As a parent, there are legal and medical things to think about when your child turns 18 that are commonly overlooked. And advisors can add value by helping clients prepare for their child’s transition to adulthood.
“There are dramatic implications when a child moves from being a minor to being an adult," says Henry P. Johnson, president and CEO of Fiduciary Trust Company International in New York City, the private wealth management arm of Franklin Templeton. "As an advisor, there is a checklist you should go through with your client who is in this situation.
"I started thinking about this more seriously this year because my son is going away to college in the fall and he will not have the support system he has here. But the real issue is he is turning 18, and in the eyes of the law he is an adult."
Without the proper planning, Johnson says he would not have the authority to act on behalf of his son if something happened to him while he is away at school.

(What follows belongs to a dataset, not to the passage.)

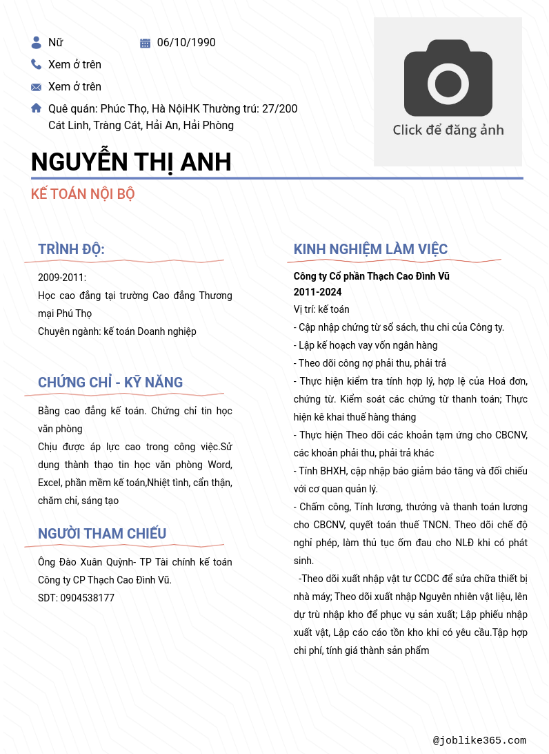 Xem hồ sơ ứng viên Nguyễn Thị ANh cần 2 điểm. Hồ sơ được cập nhật ngày: 25/11/2024
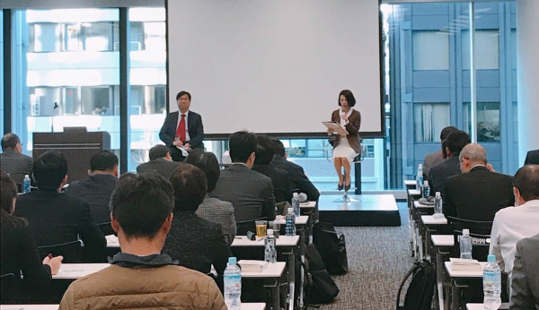 当日は、嶋氏の講演会と、嶋氏と当社取締役の東宮との対談という2部構成で開催されました。第1部では、嶋氏が、ソフトバンク(株)にて孫正義氏を補佐した経験から、「超一流のリーダーシップ」について説明しました。「世界が変化する方向性と時期を読み、行動を起こすことが重要である。今後、5Gのスタートにより、AI分野で大きな変化が起きるが、影響されない分野はない。このような将来を読み、自社、また自分自身が今すべきことは何なのか?を考えることが必要である。また成功の秘訣は、成功するまで諦めないことだ。」と話しました。

The same is true for all parents of adult children.
Several documents need to be in place: a durable or temporary power of attorney, a health care proxy, a HIPPA release form, a financial will and a living will. Without these, the law of unintended consequences could take over, Johnson says.
For instance, if your adult child has a bill that needs to be paid quickly or a lease has to be signed, the parent can do it if a power of attorney has been executed. Time limits can be put on power of attorney, or exceptions can be included in the document if the parent or child wants.
Assigning a health-care proxy or medical power of attorney allows the parent to act on the child’s behalf in a medical emergency. Signing a HIPPA release form allows the parent or others to obtain medical information about the adult child that would otherwise be withheld because of the child’s privacy rights.
“It is important that the child and parent agree on what information the parent would have access to and when medical decisions should be made by the parent for the child,” Johnson says.
Both a living will and a financial will should also be part of the planning for the child, he adds. The child may have very different ideas about the details of a living will than the parent. And without a financial will, the child’s assets will automatically revert to the parents if the child dies, which may not be what the child wants.
“The process of filling out these forms can be the basis for meaningful conversations between the parent and a child,” Johnson says.